Sunday, March 07, 2010

Further Thoughts On the Ongoing Housing Mess

Every time I hear about yet another proposal to prop up the housing market and enable people who should never have been in a position to buy real estate in the first place to refinance or otherwise stick around in the market, I hear the word Nehemiah, particularly for first-time homebuyers who can't necessarily afford home prices in the New York metro area.

We do not need a propped up housing market. We should not want further subsidization of real estate acquisitions for homeownership because it further distorts the marketplace and gets people who might otherwise be satisfied with renting at affordable prices to buy into the notion of homeownership when their financial situation does not indicate that it is a prudent step to take.

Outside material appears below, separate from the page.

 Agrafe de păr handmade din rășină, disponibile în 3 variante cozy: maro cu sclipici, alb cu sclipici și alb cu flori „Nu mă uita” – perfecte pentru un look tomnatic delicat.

It's unsupportable and the moment that the price supports are eased, the market will again drop back and correct to more sustainable prices. It's what markets do.

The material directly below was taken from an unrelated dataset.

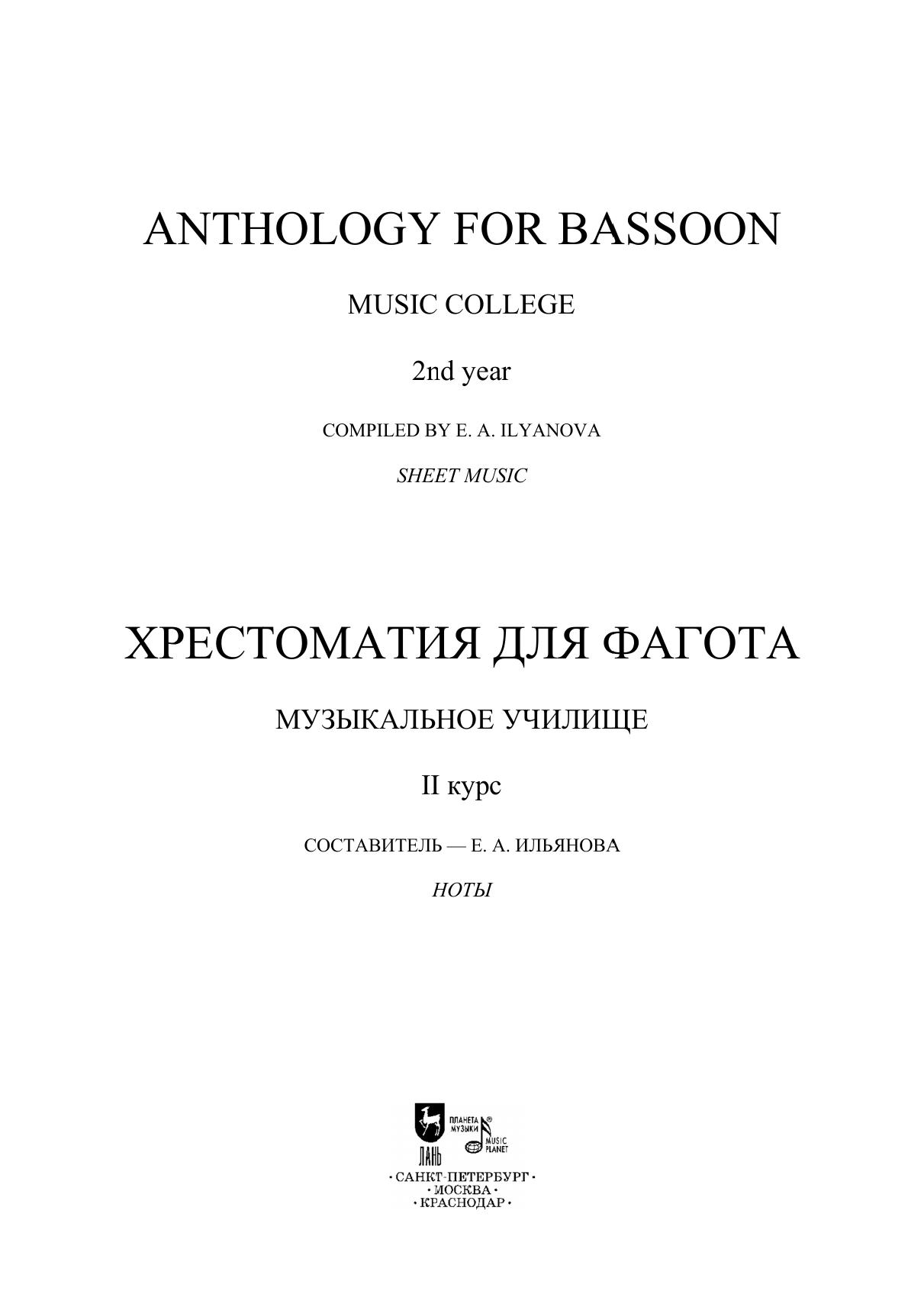 Хрестоматия содержит произведения крупной формы и пьесы. В сборник вошли сочинения, входящие в программы музыкальных училищ, а также опусы, менее популярные в педагогической практике. Издание адресовано преподавателям и студентам-фаготистам вторых курсов музыкальных училищ. The anthology consists of works of a sonata form and pieces. The collection presents works included in curriculums of music colleges as well as compositions no so widely performed by students. The edition is addressed to teachers and second-year bassoon students of music colleges.

Flushing the market of foreclosure risks is also what has to happen for the real estate market to become healthy once again. Keeping them in the marketplace might help some people who are trying to sell and move up to new housing, but it's a long term detriment to all people - including buyers because the prices remain artificially higher than they otherwise should be.

Nehemiah, as I've written previously, has a sterling track record on homeownership and exceedingly low foreclosure rates. They don't accept people into the housing program unless they have good credit and can repay the loans because no one want to get stuck with the costs - not the people running the program nor the homeowners, who also receive counseling on homeownership responsibilities.

That's the kind of program that we need - where people understand the costs and risks of loss - that if they cannot afford to repay the loans, they should not be buying in the first place. It's why the program is so competitive; so many people are trying to get into the program for affordable homeownership that the program can pick only the best risks - the ones best capable of repaying their loan obligations and maintain the properties.

We should not be demanding that further foreclosure remediation programs be instituted because it would only prolong the misery for all involved. Foreclosure is the proper course of action when the homeowner cannot afford to repay and the bank and the homeowner cannot agree on new terms. It means that all the parties to that transaction lose out - forcing the bank to take a loss and for the homeowner to do likewise. It is a chastening event that teaches all those involved not to overextend credit and assume obligations that are unaffordable.

Any program that denies such lessons will result in further misery down the road because no one will have learned the lessons of the real estate collapse and that homeownership and borrowing should go to those who can afford to repay those obligations. Throwing more money at the foreclosure mess will not fix it - it will only prolong the mess.